K Number
K022652
Manufacturer
Date Cleared
2002-11-21

(104 days)

Product Code
Regulation Number
890.3860
Reference & Predicate Devices
N/A
Predicate For
N/A
AI/MLSaMDIVD (In Vitro Diagnostic)TherapeuticDiagnosticis PCCP AuthorizedThirdpartyExpeditedreview
Intended Use

Indications for use for the Model A205 AlphaTrac® Powered Wheelchair base:

AlphaTrac® design definitions and functional parameters are indicated for usage for anyone with limited mobility due to weak, amputated or non-functional extremities or improper, unsafe or non-existent gait patterns. Also, due to the specific driving control supplied by the transaxle, persons with spasticity or ataxic movements in their extremity's that are not candidates for other types of mobility without extensive modification may be appropriate for the AlphaTrace with no modifications.

This usage would be indicated but not limited to the following types of injury's:

Spinal Cord Injury (SCI) Head Injury (CHI) Muscular Dystrophy (MD) Cerebral Palsy (CP) Brown Sequard's Syndrome Severe Arthritics (RA) (OA) Multiple Sclerosis Huntington's Corea Traumatic Brain Injury (TBI) Amyotrophic Lateral Sclerosis (ALS) Anoxic Encephalopathy Anoxia

Guillain-Barre Syndrome Quadriplegia Paraplegia Triplegia Hemiplegia Tetraplegia Proximal Extremity Weakness Cerebral Vascular Accident (CVA or Stroke) Quadriparesis Obesity Parkinson's

This is not meant to be an all-inclusive list, anyone needing power assistance with their mobility may be an appropriate client for a AlphaTrac powered wheelchair.

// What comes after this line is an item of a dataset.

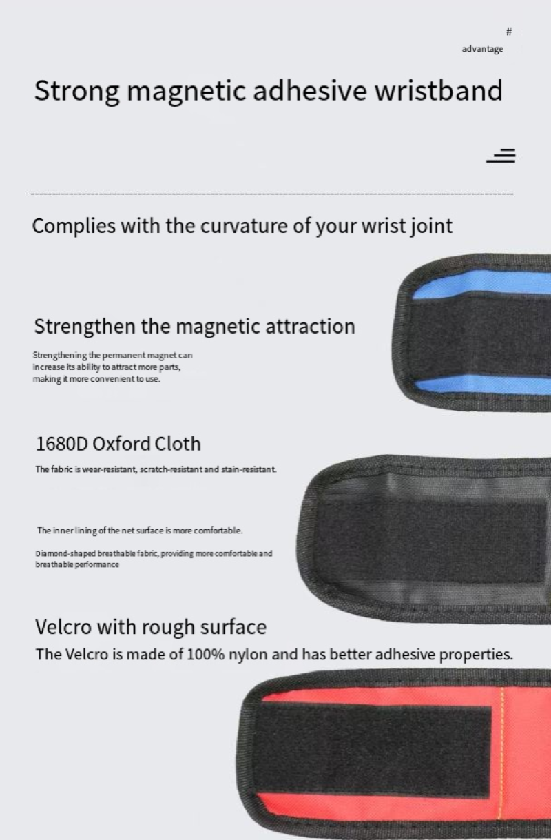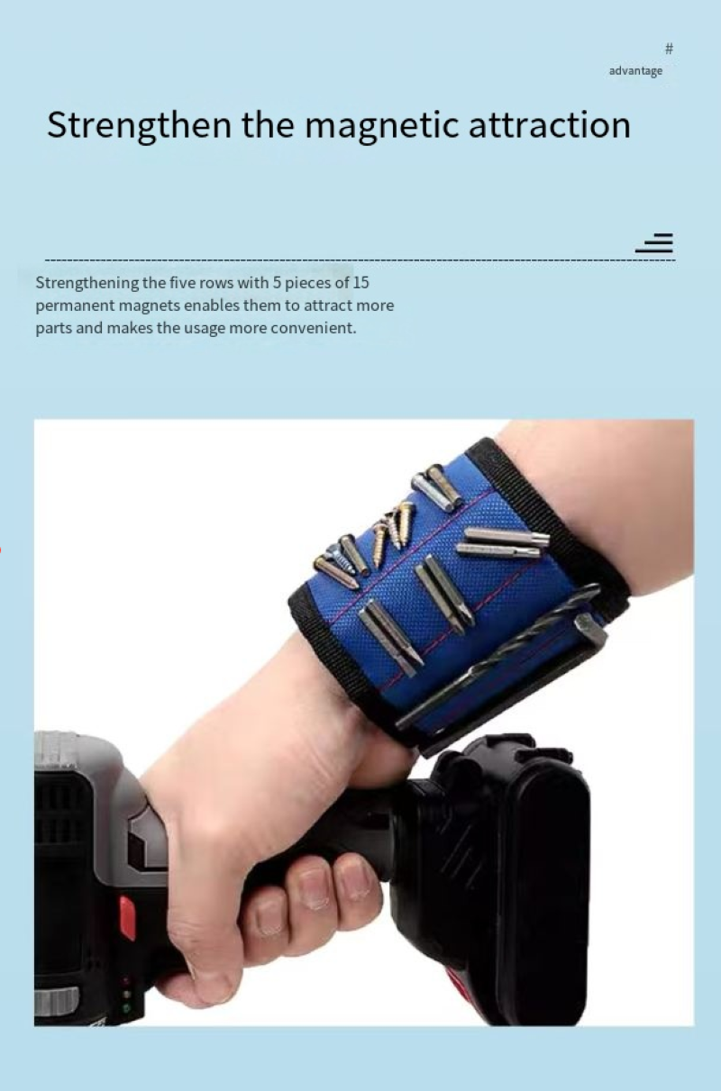 A pulseira é equipada com múltiplos ímãs de neodímio-ferro-boro de alta densidade, proporcionando forte aderência: ela pode "segurar" parafusos, pregos, brocas e porcas com firmeza, e não cai mesmo ao dobrar ou levantar a mão; Ele pode comportar até 10+ parafusos ou 5-8 pregos por vez, permitindo que você complete uma tarefa sem precisar reabastecer os suprimentos com frequência e evitando a ineficiência de pegar peças repetidamente.

This would usually be decided by clinical evaluation of the client's strength, sitting balance, mobility needs, size constraints and driving capability at their local rehab facility.

Device Description

Not Found

AI/ML Overview

The provided document is a 510(k) premarket notification letter for the AlphaTrac® Model A 205 Powered Wheelchair. It focuses on establishing substantial equivalence to a predicate device, as required for certain medical devices by the FDA. This type of document does not contain the detailed information requested in the prompt regarding acceptance criteria, device performance studies, sample sizes, expert qualifications, or ground truth establishment.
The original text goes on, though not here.